* [Data below]
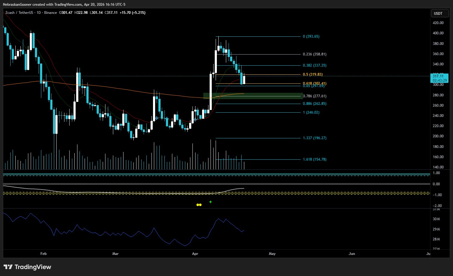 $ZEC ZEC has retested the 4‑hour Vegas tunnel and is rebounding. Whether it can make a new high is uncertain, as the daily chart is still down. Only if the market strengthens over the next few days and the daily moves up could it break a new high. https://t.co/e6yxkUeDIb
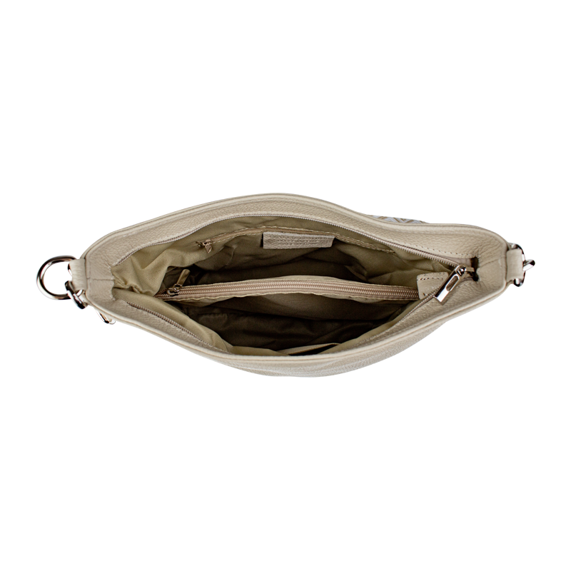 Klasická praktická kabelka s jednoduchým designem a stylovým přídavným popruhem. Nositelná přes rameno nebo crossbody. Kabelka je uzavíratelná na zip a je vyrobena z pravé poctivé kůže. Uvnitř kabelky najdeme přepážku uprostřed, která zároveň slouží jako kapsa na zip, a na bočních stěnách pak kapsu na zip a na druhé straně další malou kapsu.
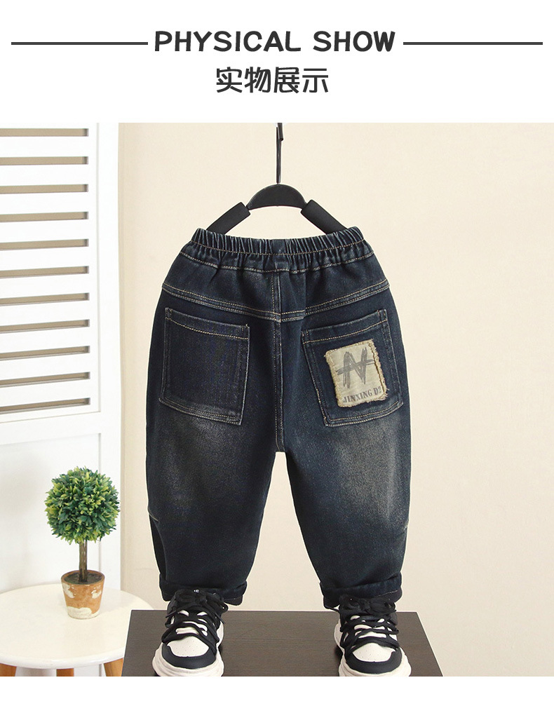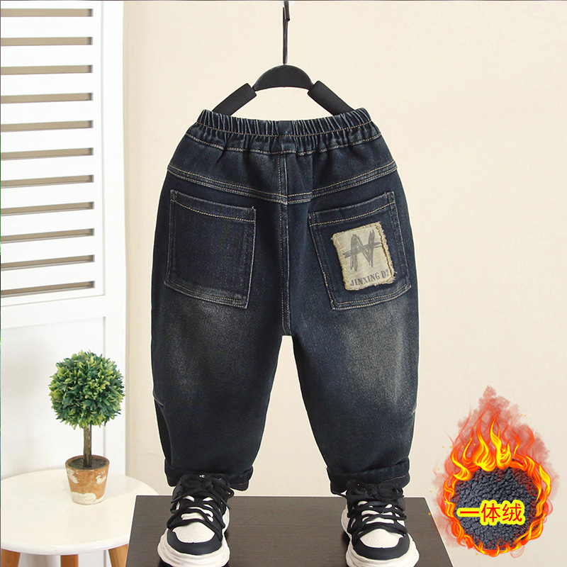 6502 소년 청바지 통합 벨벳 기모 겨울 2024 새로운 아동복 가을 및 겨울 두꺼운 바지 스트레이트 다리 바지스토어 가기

* [Description of the task] The answer must be the full listing retyped exactly, with no pictures in it.

* [Result below]
 $ZEC ZEC has retested the 4‑hour Vegas tunnel and is rebounding. Whether it can make a new high is uncertain, as the daily chart is still down. Only if the market strengthens over the next few days and the daily moves up could it break a new high. https://t.co/e6yxkUeDIb
 Klasická praktická kabelka s jednoduchým designem a stylovým přídavným popruhem. Nositelná přes rameno nebo crossbody. Kabelka je uzavíratelná na zip a je vyrobena z pravé poctivé kůže. Uvnitř kabelky najdeme přepážku uprostřed, která zároveň slouží jako kapsa na zip, a na bočních stěnách pak kapsu na zip a na druhé straně další malou kapsu.
 6502 소년 청바지 통합 벨벳 기모 겨울 2024 새로운 아동복 가을 및 겨울 두꺼운 바지 스트레이트 다리 바지스토어 가기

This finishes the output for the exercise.